Excellent chamois and leather prairie skirts and blousy tops shown by Nigel Preston for Maxfield Parrish were a good deal simpler but nowhere near as spare of line and cut as the fine suedes at Jean Muir. She fashioned printed skins as well as plain and perforated kinds superbly into collarless coats and jackets with kimono sleeves.
Zandra Rhodes's inspired collection of fantasy evening clothes came in pastel (powder blue or turquoise with shell pink) chiffon and organza or else dark-grounded prints - all with the tattered or jester-pointed hemlines and other individual touches she favors.

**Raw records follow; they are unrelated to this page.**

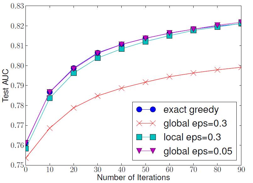 XGBoost 比 pGBRT (业界做排序最强) 得到的 AUC 稍差一些,但是前者速度是后者速度 3 倍
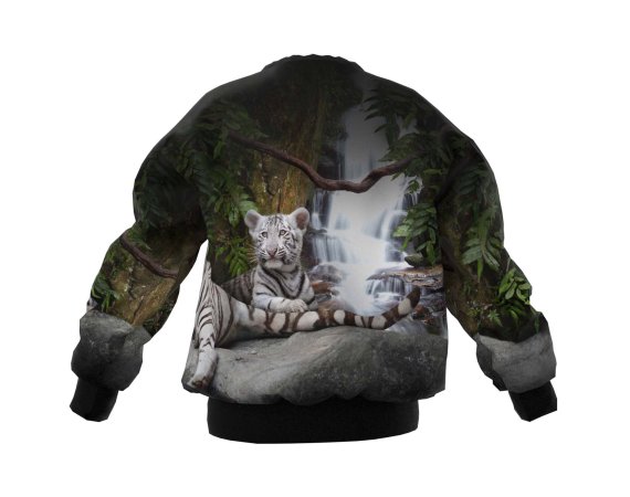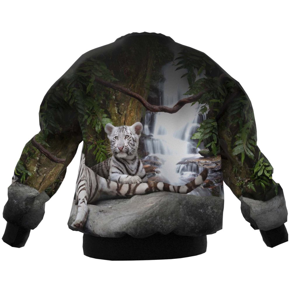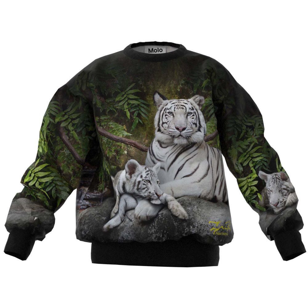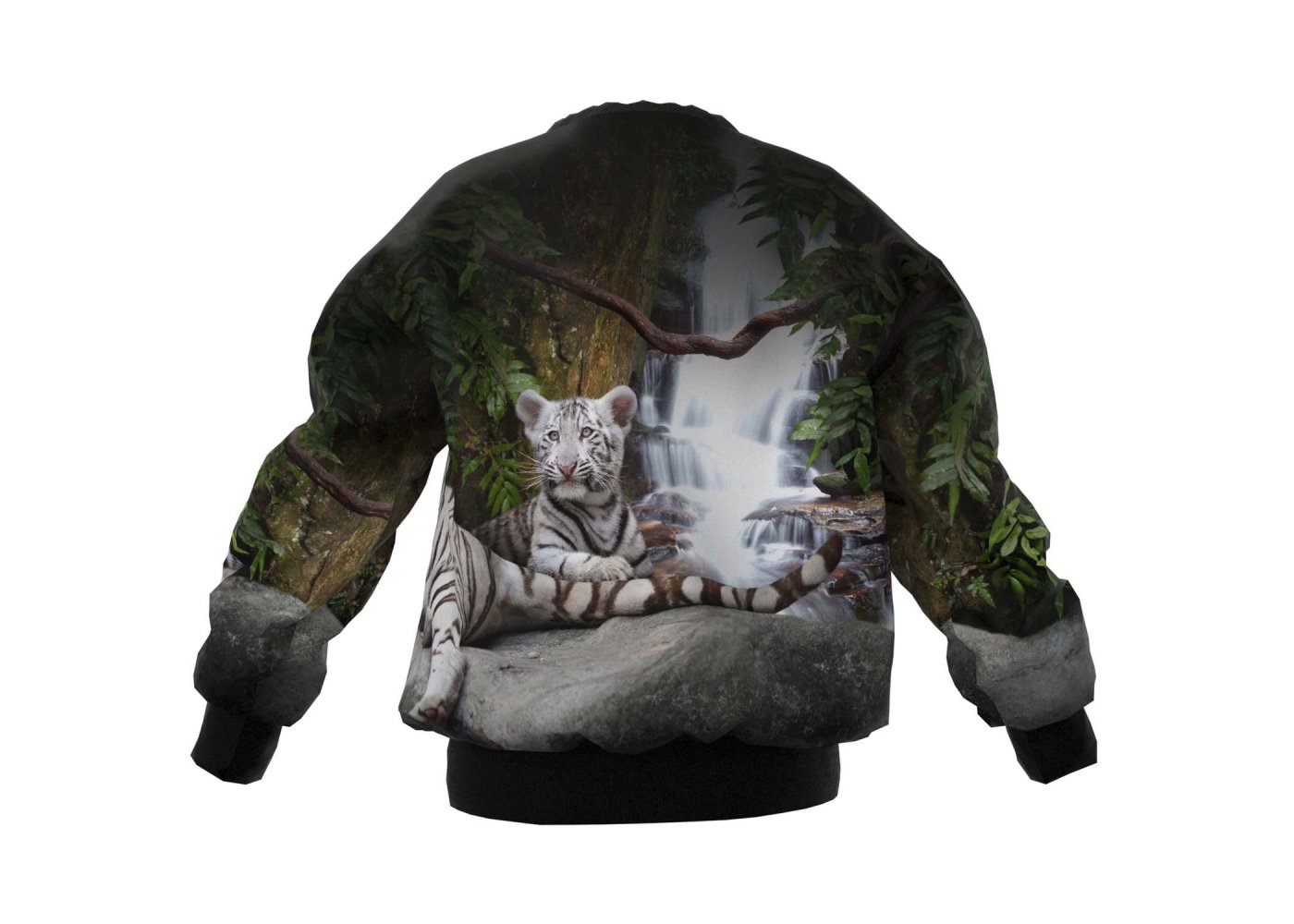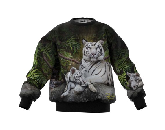 Sweatshirten er pyntet med de fineste hvide tigre. Den har sorte ribkanter i alle åbninger.
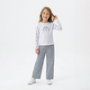Üzerindeki “Happiness Road” yazılı uzun kollu üst ve geometrik desenli pantolon kombinasyonu ile modern ve şık bir görünüm kazandıran takım, günlük gezilerden özel etkinliklere kadar her an için ideal bir tercih sunar.
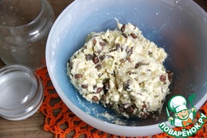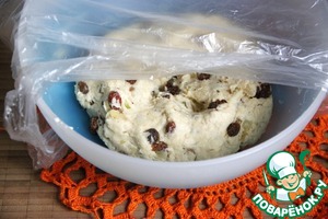 Вмесить в тесто настоявшиеся фрукты и орехи, тесто надрезать крестообразно.

The Paris designers demonstrated their uneasiness under the socialist regime. Rumblings of the tumbrils were sometimes almost audible as garments with French Revolutionary overtones came out. Among them were the Phrygian bonnet at Michael Goma, the Marianne outfits (right off the French postage stamp) with Tricolor cockades at Claude Montana, and the three matte jersey dresses of red, white, and blue that formed the finale at Saint Laurent.
Talk of a return to the ''poor look'' instituted by Coco Chanel in the long-gone '20s was in the air. Givenchy and Chanel, whose customers include some of the world's richest women, shortened skirts but generally stayed with quiet elegance. Yves Saint Laurent, the most reliable barometer of style directions in Paris, had only one gold kid blouson in his procession of clean-cut, spare-looking clothes. Many were of such plebian fabrics as poplin. He chose classic simplicity. Isn't that always the best way?